Huh. I had never heard of them – or if I had, I don’t remember them – and I even took several psychology courses in college (was briefly a psych major). Thanks for the link. Fascinating study!

Illogical as this is from one perspective, I can understand why. She’s damned if she does and damned if she doesn’t.

I expect it’s very stressful and distressing to undergo an examination in which no matter what you do there is a fair chance you will be written up as being nuts.

“The subject - who hides behind the name ‘Esprise_Me’ for reasons they couldn’t rationally explain - uses a cat hiding under a bed as an avatar. Perhaps indicating a certain neurotic disposition…

Certainly were I in her shoes, I would not want to be evaluated for the reasons you’ve given. Her reasons are more than understandable and, I would argue, rational.

Reminds me of that woman who was held in a psychiatric unit for claiming that Obama followed her on Twitter, that she owned a BMW and was a banker. He did, she did, and she was.

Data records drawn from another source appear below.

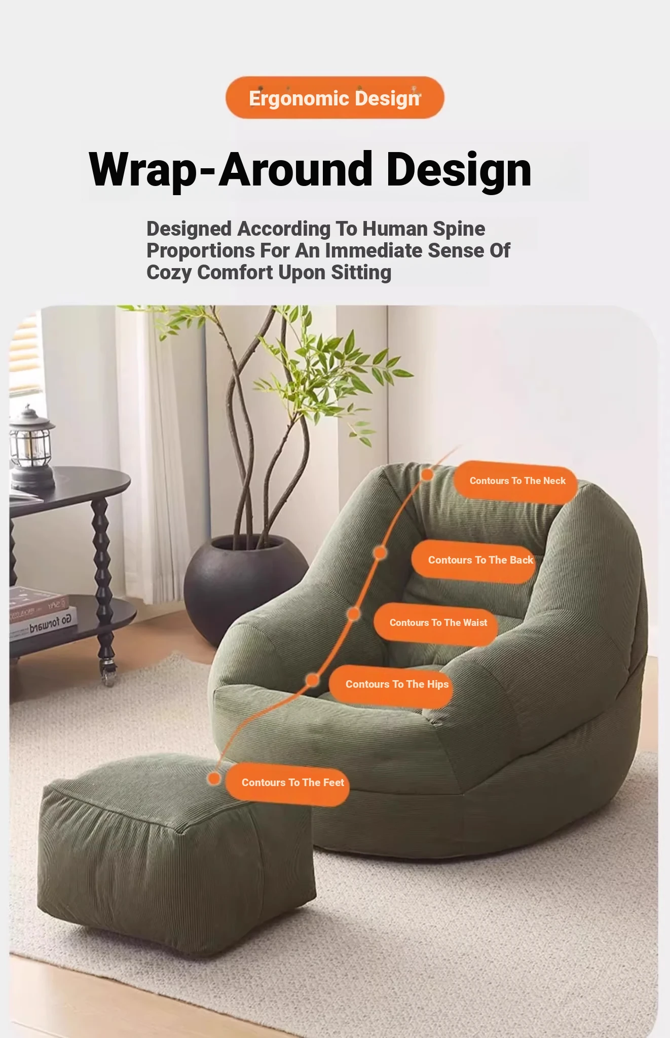 Japanese Corduroy Removable and Washable Lazy Sofa - Perfect for Tatami, Living Room, Balcony, and Relaxation. Ideal Single Sofa for Kids!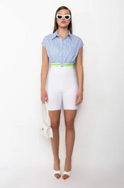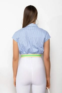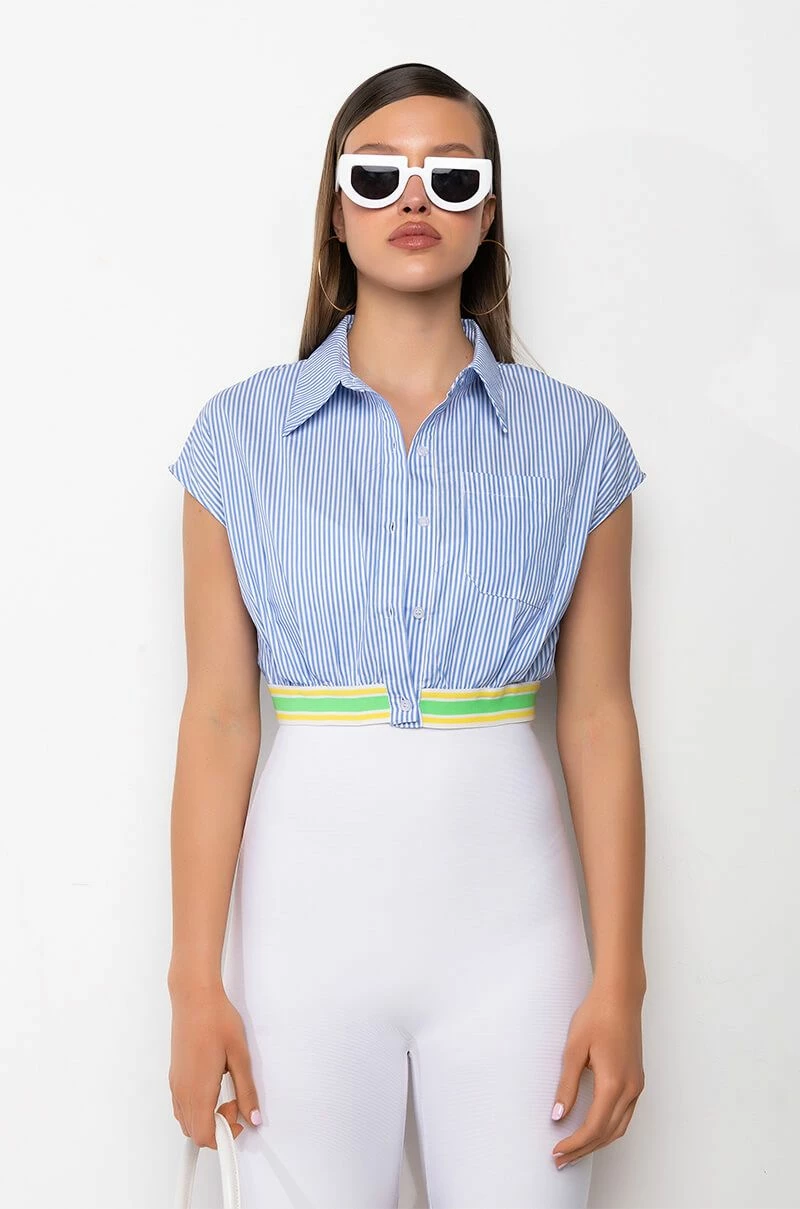 The AKIRA Label Dirty Martini Cropped Short Sleeve Poplin Blouse is made from a classic cotton shirt fabrication and is complete with a collared neckline, cap sleeves, striped pattern, a chest patch pocket, a thick multicolor elastic waistband, cropped silhouette, and a button up front closure. Pair this piece with flared bottoms for a flirty cocktail hour look!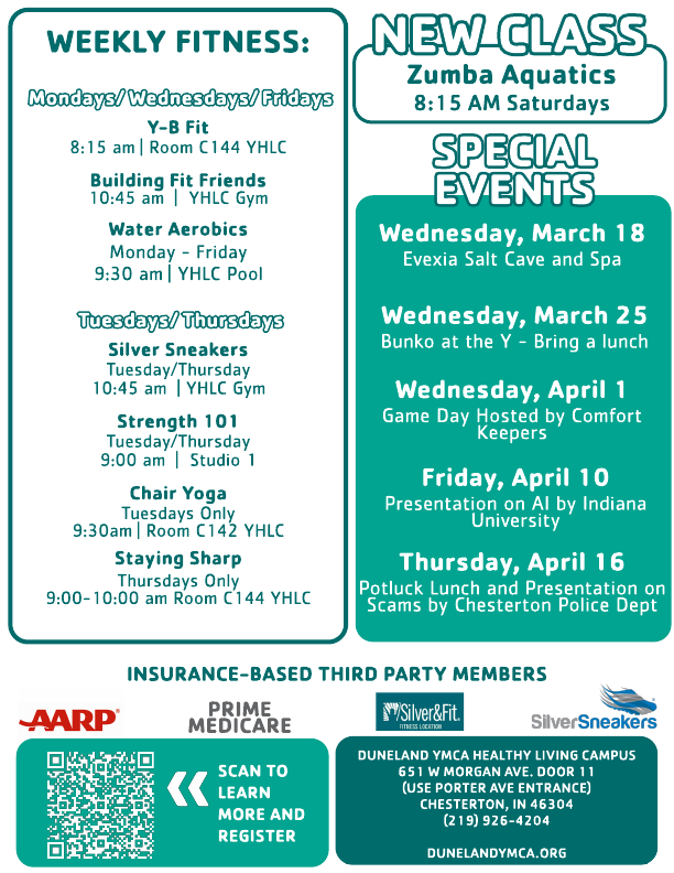 The Duneland Family YMCA has many programs and exercise classes for our older adults and seniors. Our senior programming provides physical, recreational, and educational opportunities to seniors in our community.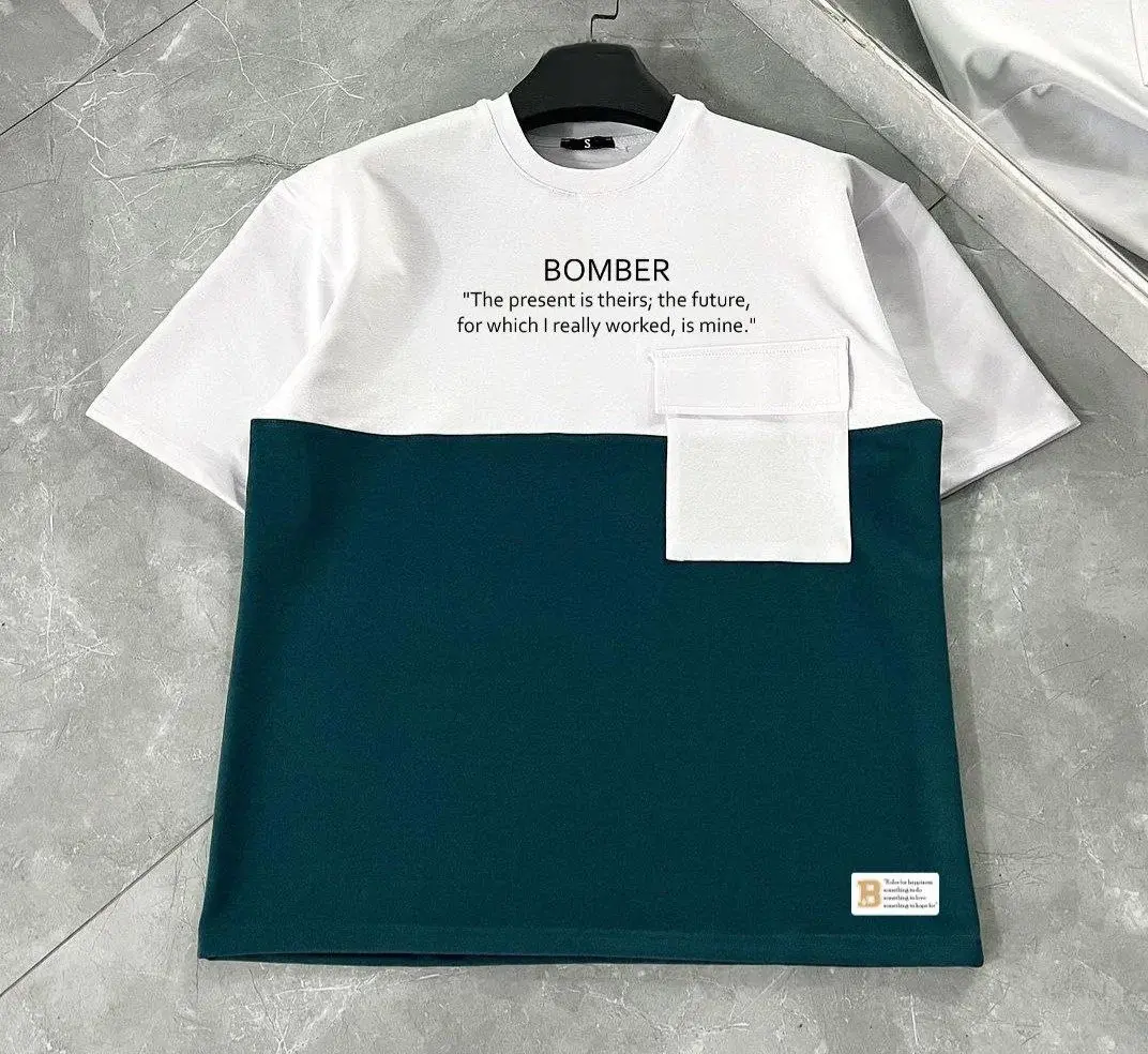 Unisex Torba Cep Detaylı Parçalı T-Shirt - Lacivert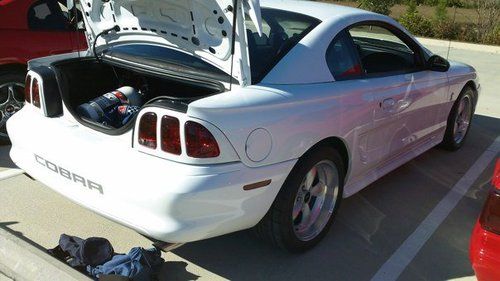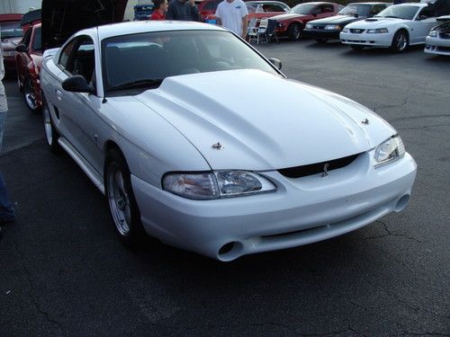 1996 Mustang GT 4.6L, Cobra clone. White exterior paint, excellent condition Corbeau Racing Seats interior. No back seat, carpeted ledge. Long tube headers, Nitrious kit (never used brand new), Cams, King Cobra Clutch, Deep Dish back rims, drag radial tires on back only. Aluminum drive shaft, flowmaster exhaust system, Ford Racing 3:73 Rear Gear, Pillar Gauge Pod & Dash Gauge Pod. Cold A/C, CD player, Double Cowl Hood w/ Hood Pins. New Leather Steering Wheel. Saleen Cobra Back Fender. Odometer not working. Bought car in 2003 with 67,000 original miles, hardly driven by current owner. Odometer currently reads 75,700. Estimated mileage to date = 80,000. Best of the best parts. All work performed by LaMotta Performance. Awesome fast car. All original receipts included for all work and parts. Reason for selling: Owner unable to drive due to health reasons.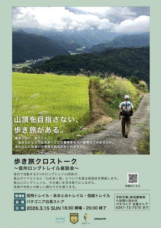 信州で活動する3つのロングトレイル団体が、登山ガイドとともに「山を歩く旅」についてを語る座談会を開催! 登山とロングトレイル、その違いを浮き彫りにしながら、地域や自然との新しい関わり方を探る。山を歩くことの意味をもう一度考えてみよう。あたらしい出会いと発見があるかも。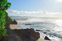 Dit is eigenlijk iemand's achtertuin aan de North Shore op het eiland O'ahu, Hawai'i, VS. Alle stranden zijn openbaar en dus moeten de luxueuze huizen aan de kust toegang bieden tot die stranden. Het moet fantastisch zijn om hier te wonen en de hele tijd dit uitzicht te hebben.
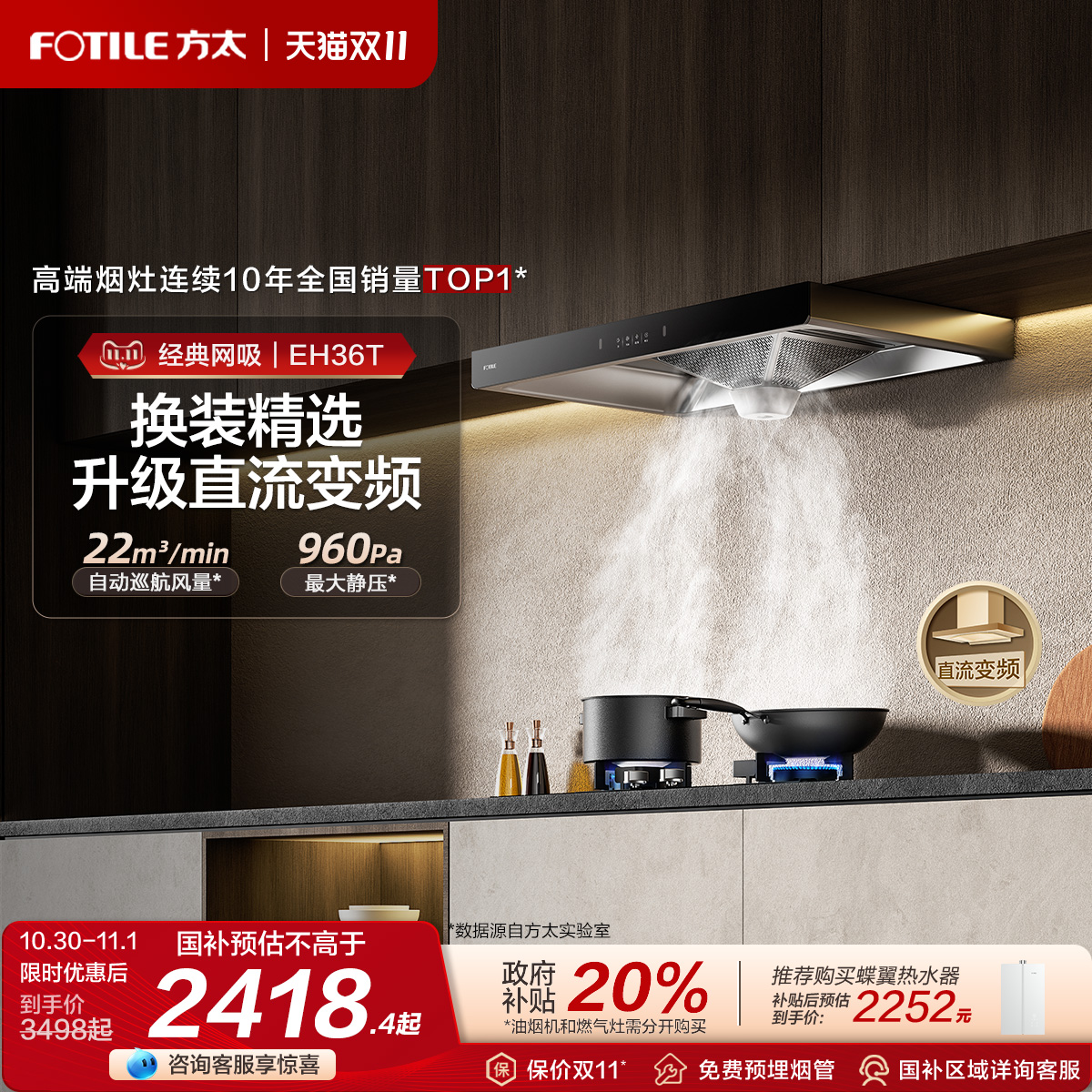 [经典网吸]方太EH36T抽吸油烟机燃气灶具厨房官方旗舰店套装套餐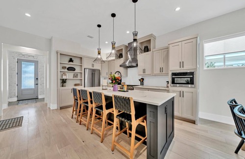 Upon entering, the home's exposed brick foyer immediately captivates with its soaring ceiling. Beyond the entrance and a convenient first-floor powder room, you'll find yourself in the spacious kitchen and dining area. Fully equipped with top-of-the-line fixtures and appliances, the kitchen boasts a stainless steel fridge/freezer, a five-burner gas range, dishwasher, microwave, coffee maker, oven, toaster, and blender. The home is stocked with an array of cookware, bakeware, and crockery, including separate sets for both adults and children. The generously sized kitchen island provides seating for four, while the primary dining area accommodates an additional eight guests. The living room offers ample seating, including couches and chairs, complemented by a large smart TV for streaming your favorite shows.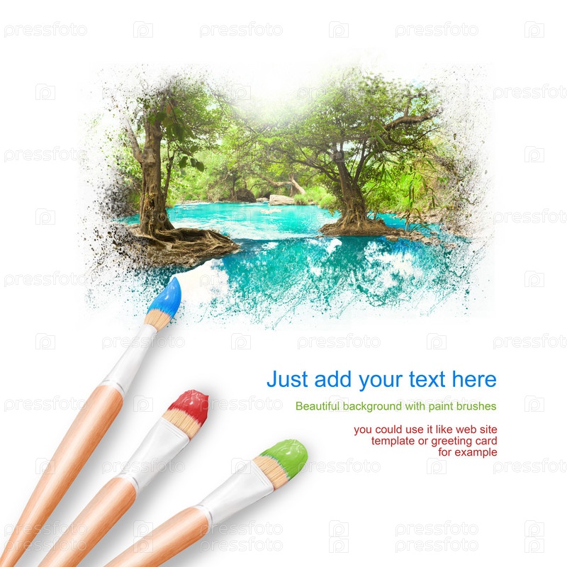 Белый фон с тремя кистями для рисования, красивый пейзаж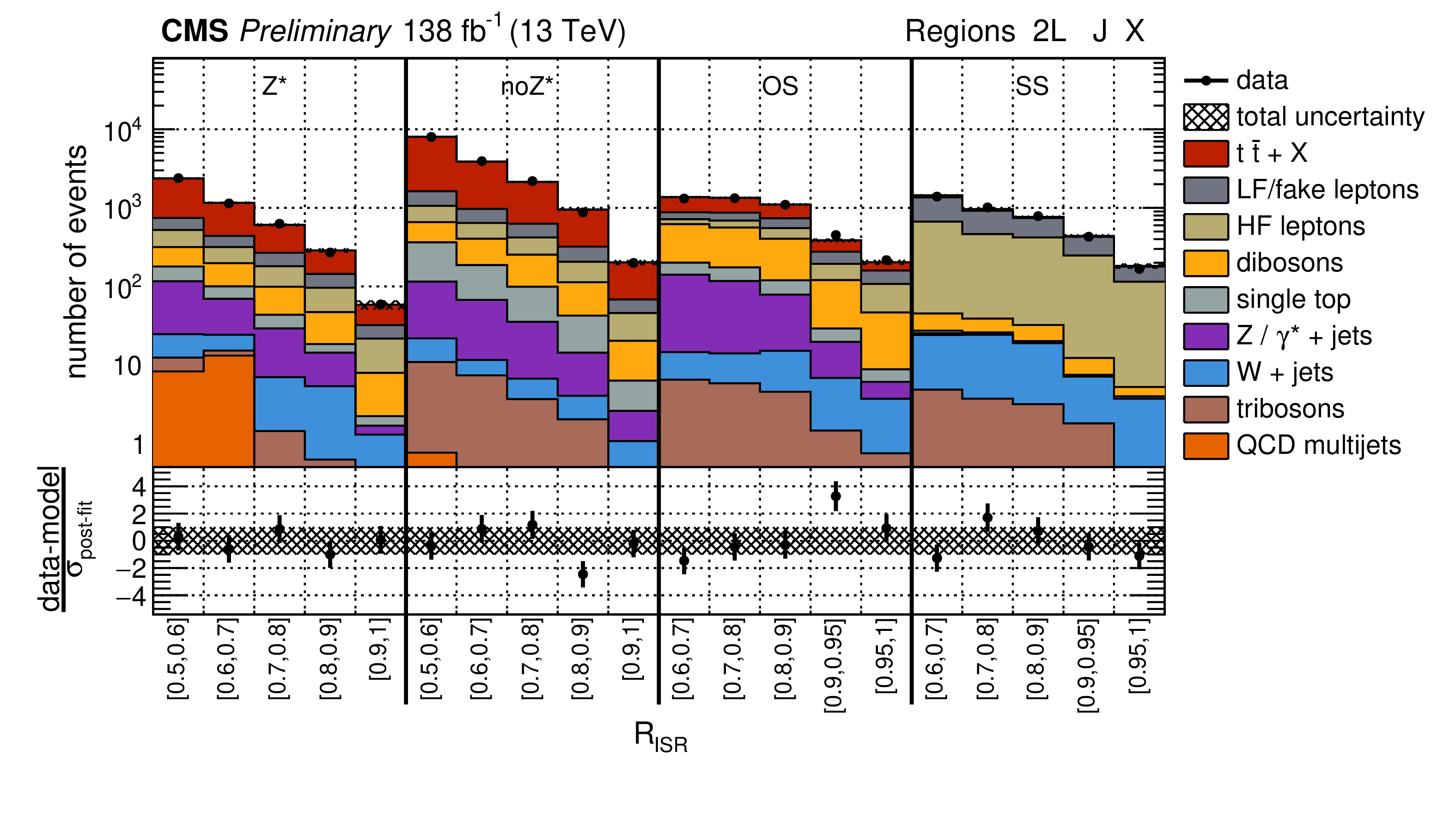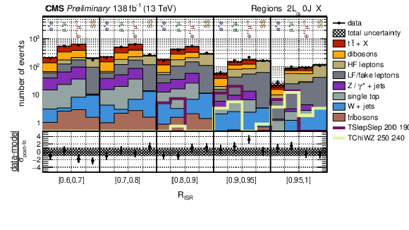 Post-fit distributions of data with the background-only fit model for the complete Run II data set in the 2L region (top panel) and 3L region (bottom panel). Bins are split by $ R_{\rm ISR} $ along with lepton categorization. Yields are integrated over all other sub-categorizations and $ M_{\perp} $. The sub-panels below the panels show the data minus fit model scaled by the post-fit model uncertainty. |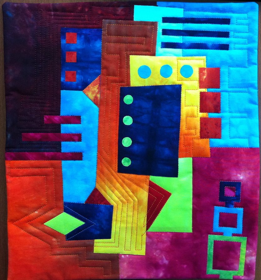 quiltaddict67 Lab 1 - This small quilt was created following Melody Johnson tutorial Hand dyed fabrics, fused, free motion quilted

Her lawsuit failed, but it sounds really dodgy to me, like there’s a presumption of insanity, with anything she did backing it up. It’d be pretty easy to find actions in most people’s lives that make them seem insane, even if they’re just having a bad day.

Science fiction writer Samuel “Chip” Delany, who is black, described not being believed when he told a psychiatrist that he was a published author, which he was.

So, you’re saying that if you are sane, you would not submit to an evaluation to prove you were sane, because doing so would be crazy. That’s some catch, that Catch 22.

Yep. Look at the Rosenhan experiments linked to above.

Especially if people already thought I am insane, and I weren’t, I wouldn’t trust the tests to definitively state I was sane. (It’s not the same as your train of logic — it’s just that it’s rational to be skeptical that it would prove anything. So what’s the point? I similarly would not submit to a lie detector test even if telling the truth, for similar reasons.)

A clinical interview is as accurate at testing and very good at spotting sanity.

I still sure as hell wouldn’t trust it and submit myself to it were I in her position.

Perhaps not, but I could name 50 local psychologists who would give her a fair and useful evaluation. My training program required a full year psych assessment practicum. Britney probably should be assessed by a forensic psychologist who specializes in adult competency.